- Lel Smits and her husband invest in stocks for their children as Christmas gifts to build wealth.
- Smits prioritizes financial literacy and chooses stocks from companies her children are familiar with.
- She also creates stock certificates and drawings to help her children visualize their investments.
This spoken essay is based on a conversation with Lel Smits, an entrepreneur, director and mother of two in Sydney. The following has been edited for length and clarity.
I advocate financial literacy, I’m the managing director of The Stock Network and I’m a director of the Australian Shareholders Association.
I have invested in my children for Christmas every year since they were 1 year old. My oldest son is almost 5 now and I also have a 2 year old daughter.
While ‘Santa’ covers the Christmas gifts, we tell them that the gift from their parents is this investment. Birthdays are known for gifts.
I’m not a professional investor, but by understanding the basics, like picking quality companies and diversifying, I learned that consistent, disciplined investing can build wealth over time and provide financial security.
I invest about a day’s salary for each child
Each year, my husband and I determine an appropriate amount to put toward an investment gift. It’s similar to how my grandmother might have bought me some meaningful jewelry. I want to buy something meaningful for my children that I hope will stand the test of time.
I invest in companies that my children know and interact with, such as Australia’s largest bank and supermarket. I choose individual stocks over managed funds for my children because they represent tangible companies that are easier for them to understand and relate to.
While ETFs and managed funds are a core part of my diversified investment strategy, my focus for my children is to foster financial literacy and investment growth. This approach helps them understand the basics of investing.
I’m dedicated to making investments relatable, sparking their interest, teaching them how businesses work from an early age and involving them in the process.

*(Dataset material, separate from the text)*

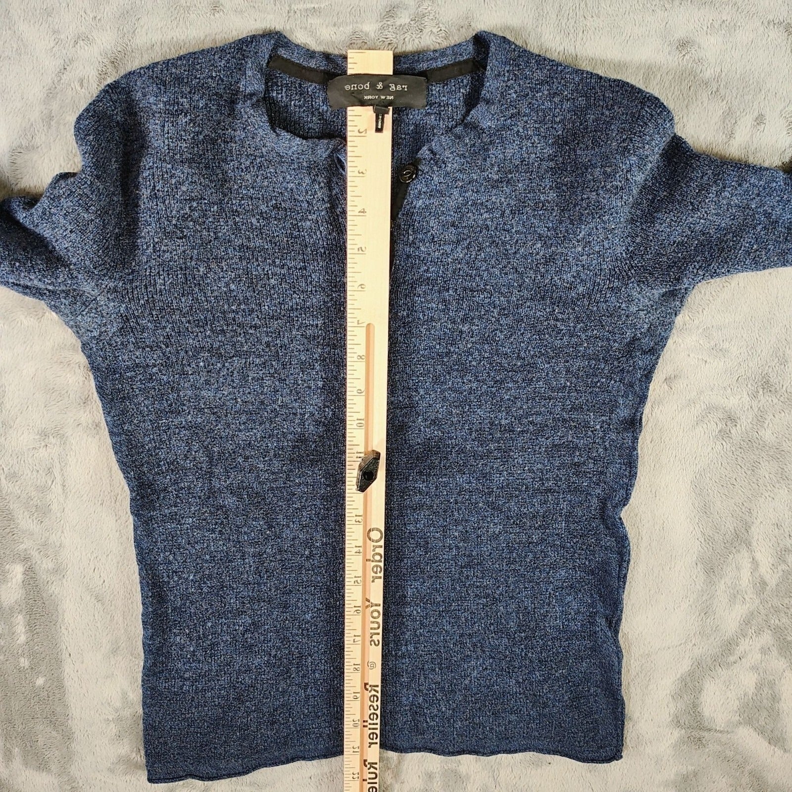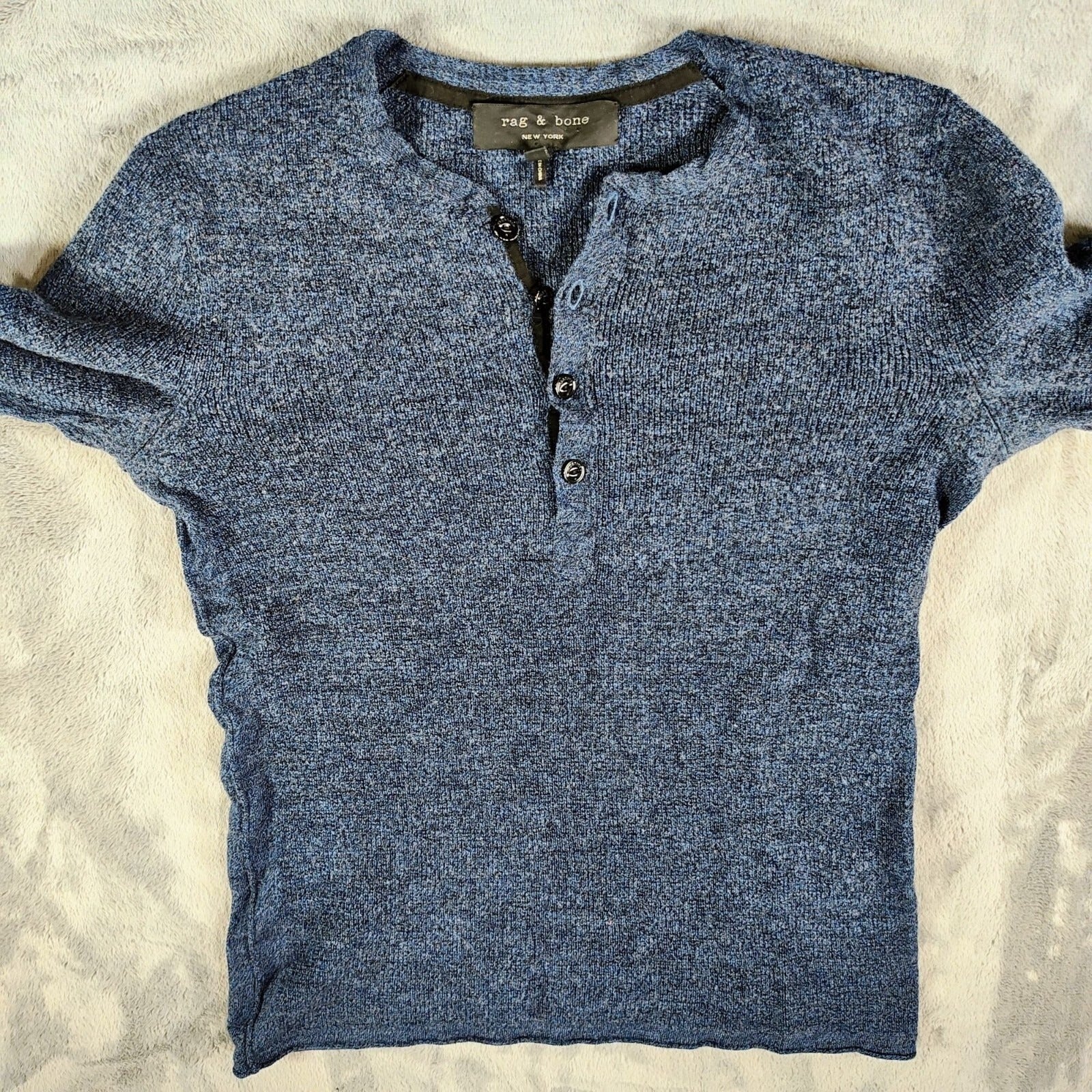Rag & Bone Blue 100% Merino Wool Long Sleeve Henley Pullover Sweater XS

I have a few key fundamentals that are important to me when picking stocks
I didn’t grow up financially literate. My parents didn’t actively teach me, but they instilled basic concepts like ‘Don’t spend more than you earn’ and ‘Interest works while you sleep.’ My investment knowledge accelerated while working as a financial journalist.
I opened a stock account for my children when they were born and linked my bank to a stock trading account to manage their investments. This allows me to buy shares directly on their behalf.

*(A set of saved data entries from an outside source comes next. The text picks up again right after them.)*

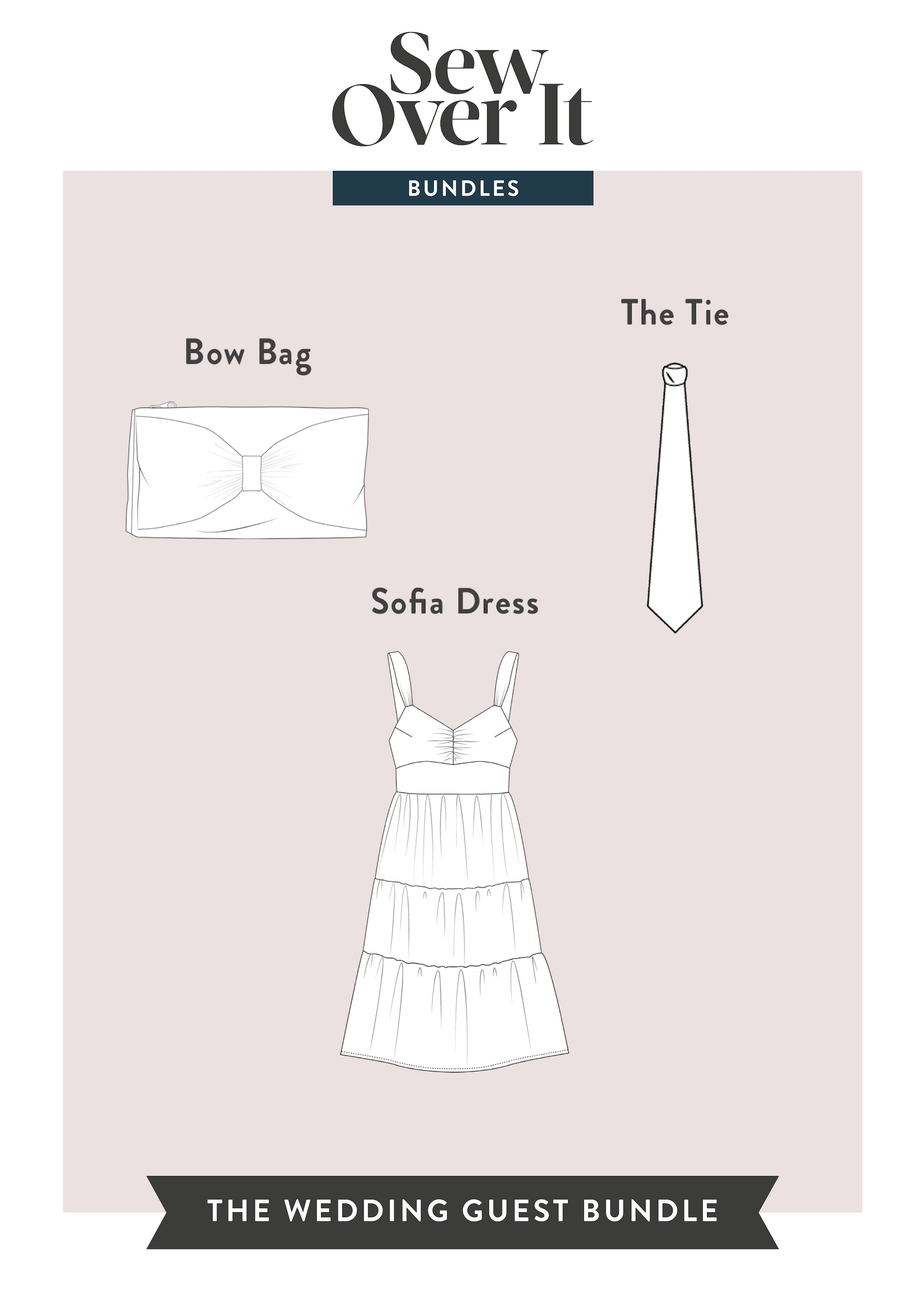 The collection includes the PDF patterns for the Sofia Dress, Bow Bag & Tie patterns.
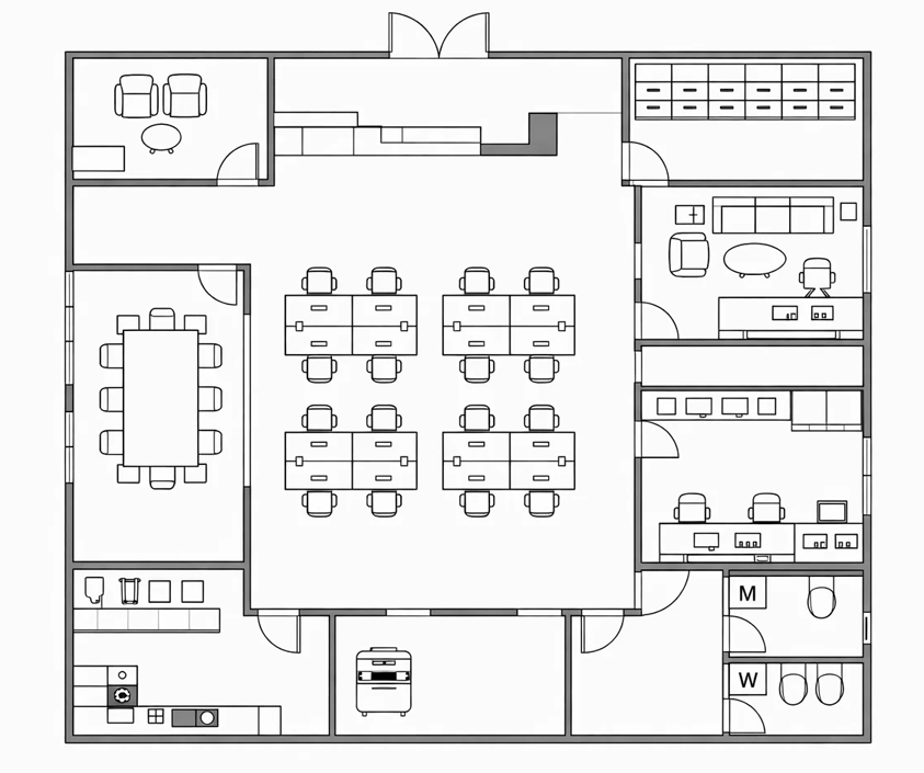 办公区、会客区与储物区沿墙面有序分布,动线流畅,满足办公、接待与收纳的多元需求。
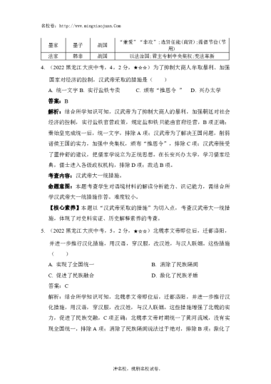 转载请注明出处: 名校卷 » 2022年大庆市初中升学考试历史-解析
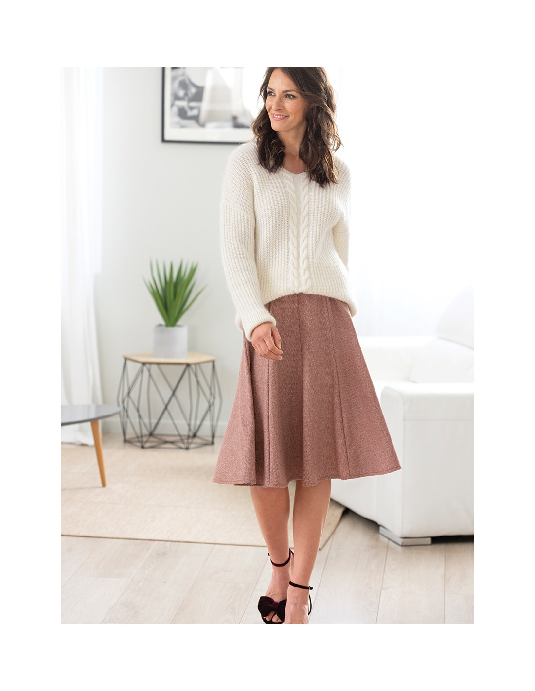 Jupe femme en tissu chevrons, élégance hivernale et confort made in France.
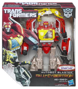 This dynamic duo will be your fiercest Autobot team yet! Your Autobot Blaster figure converts from dangerous robot mode to communications truck mode, where he can launch his sonic assaults on his Decepticon enemies. At his side is a tough Steeljaw figure, who ejects from data disc mode at the touch of a button to auto-convert to robot mode! Together they’ll make double trouble for the Decepticons, and the outcome of the battle is all up to you!
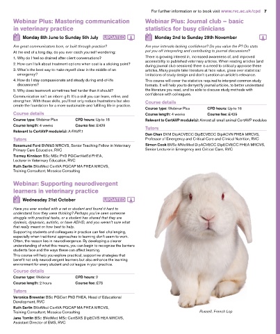6 Professional skills for the veterinary team For further information or to book visit www.rvc.ac.uk/cpd 7
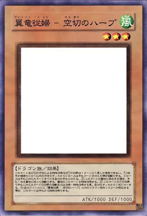 | このカード名の④の方法による特殊召喚及び①の効果は1ターンに1度しか使用できない。①:相手が通常のドロー以外の方法でデッキからドロー又は手札カードを加えた場合発動できる。ドロー又は手札に加えたカードすべてを自分の手札に加える。②:このカードが墓地に存在する場合、手札1枚を墓地に送って発動できる。墓地のこのカードを特殊召喚する。③:このカードの①の効果で手札に加えたカードの効果の発動または召喚・特殊召喚する度、自分のデッキから1枚ドローする。④:自分フィールドに「翼竜従婦 - 空切のハープ」以外のドラゴン族モンスターが存在する場合、このカードは手札から特殊召喚できる。 | |||
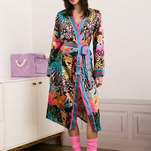 Elevate your loungewear with this stunning multicolor silk robe, adorned with vibrant floral and botanical patterns. Perfect for casual wear, its loose fit and midi length ensure comfort and style. Ideal for vacation or everyday use, this beautiful robe features a classic lapel neckline and regular sleeves, making it a versatile addition to your wardrobe.

I focus on profitable companies with strong financials, steady growth and a proven track record. I also like to diversify across industries. I don’t want my children to be only in a sector that I think is good. I have invested in the consumer goods, technology and healthcare sectors to reduce risk.
Since I am a very active investor myself, I am constantly researching and reading company reports.
I create stock certificates and pictures about investments so my kids can visualize stocks
I print a brochure that says ‘my investment’ for them and create a share certificate that looks like something you might have received 100 years ago.
I also draw pictures to accompany the investment, like a supermarket or a pizza shop. Visualizing it is my commitment to their learning and making tangible money.
I’m working on a book called ‘ABC of the ASX’ which explains the major companies to children so they can start to understand investing.
We will hand over the portfolio to the children when I am confident that it will be managed as carefully as it was created.
My five year old is starting to engage and ask big questions
My kids have never complained about the investment gift. Thankfully, Santa takes care of the ‘exciting’ toys at Christmas, so the investment is considered an extra.
The boy started asking me: “How did I get this money?” and “How can I make more investments myself?” This brings up the issue of work, and we discuss what work is and how to make money.
To a child, the idea of ​​ownership is amazing. By entering a supermarket, we talk about spending our money in a place where we have an investment. I think this has increased his worldview at a very early age.
My friends are starting to ask how they can do the same for their children
My clearest message is that investing can be very simple if you focus on the basics.
Investing through trusted institutions and selecting quality companies with earnings can simplify what can be a very overwhelming process, even for adults.